What is the essence of electric current?

What is the essence of electric current? The textbook says that it is the directional movement of electrons. Does this movement circle around the circuit or oscillate nearby? Are electrons an entity, so why does AC power pass through a capacitor, and if it’s not an entity, what is emitted by the TV picture tube? Thanks for the advice. And why can the earth be used as a wire?

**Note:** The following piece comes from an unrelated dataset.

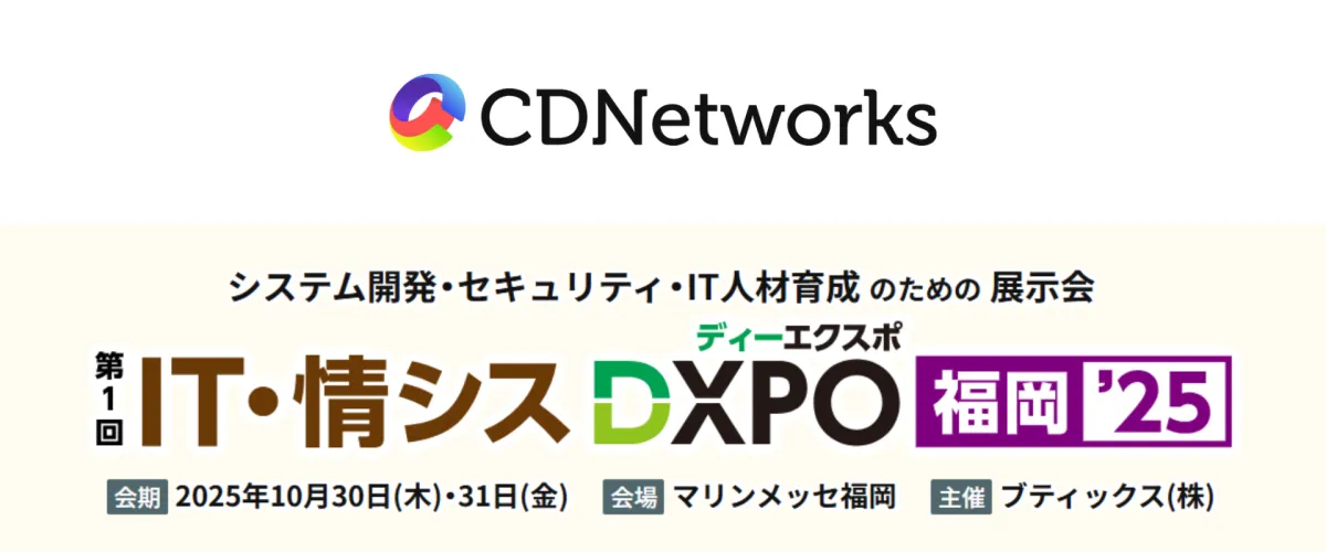 2025年10月30日(木)と31日(金)、福岡で開催される「IT・情シスDXPO福岡’25」に、株式会社シーディーネットワークス・ジャパン(CDNetworks)が協賛します。このイベントは、最新のITインフラやセキュリティ技術が集まる場であり、特に注目を集めること間違いなしです。

What is the essence of electric current?
What is the essence of electric current?

We need more than just a continuous path (i.e., a circuit) before constant charge flow can occur: we also need some way to push these charge carriers around the course, like marbles in a tube or water in a box. It takes some force to turn on the flow. For electrons, this force is the same force that works in static electricity: the force created by the charge imbalance. If we take the example of rubbing between wax and wool cloth, we will see that the excess of electrons in the wax (negative charge) and the lack of electrons in the wool cloth (positive control) create a charge imbalance between them. This imbalance manifests as an attractive force between two objects:

Wax, attraction, and wool cloth

If you put a wire between the charged wax and the wool cloth, electrons will flow through it because some of the excess electrons in the resin will rush through the wire back to the wool cloth, filling the electron deficit there:

Electron Flow
Electron Flow

Electron Flow and Wire/conductor

The electron imbalance between the atoms is in the wax. And the particles in the wool cloth create a force between the two materials. Since there is no path for electrons to flow from the wax to the wool cloth, this force can attract the two objects together. However, now that the conductor spans the insulating gap, the pressure will cause the electrons to flow in a uniform direction through the wire, even if only temporarily. Until the charge in the area is neutralized and the force between the wax and the fleece is reduced. By rubbing the two materials together, the head formed between the two materials is used to store a certain amount of energy. This energy is not dissimilar to that stored in high reservoirs, which are drawn from lower-level ponds:

Energy Stored
Energy Stored

Energy Stored, Reservoir, Water Flow, Pump and Pond

The gravity on the water creates a force that tries to move the water down to a lower level. If suitable pipes flow from the reservoir back to the pond, water will flow from the reservoir through the pipes under the influence of gravity:

Energy Released
Energy Released

Energy Released

It takes energy to pump water from a low-level pond to a high-level reservoir. The water moves back through the pipe to its original water level, releasing the energy stored by the previous pumping. If the water is pumped to a higher level, more power will be required, will store so more energy, and will release more energy if the water is allowed to flow back through the pipe again: (Note: raising the water level absorbs energy, lowering the water level to release energy)

More Energy Stored
More Energy Stored

More Energy Stored and More Water Flow

Electrons are not very different from the water situation described above. If we rub the wax and wool cloth together, we “pump” the electrons away from their usual “level,” creating a force between the wax and the wool cloth as the electrons try to re-establish their previous positions (and Atoms within them are in equilibrium). The point that draws the electron back to its original position around the positive nucleus of the atom is similar to the force that gravity exerts on the water in a reservoir, trying to pull it back to its original level. Just as pumping water to a higher level causes energy to be stored, “pumping” electrons to create a charge imbalance causes a certain amount of energy to be held in that imbalance. And, just as providing a way for water to flow back down from the height of the reservoir results in the release of stored energy, providing a way for electrons to drift back to their original “level” results in the release of stored energy. When charge carriers are at rest (like water standing still, high up in a reservoir), the energy stored there is called potential energy.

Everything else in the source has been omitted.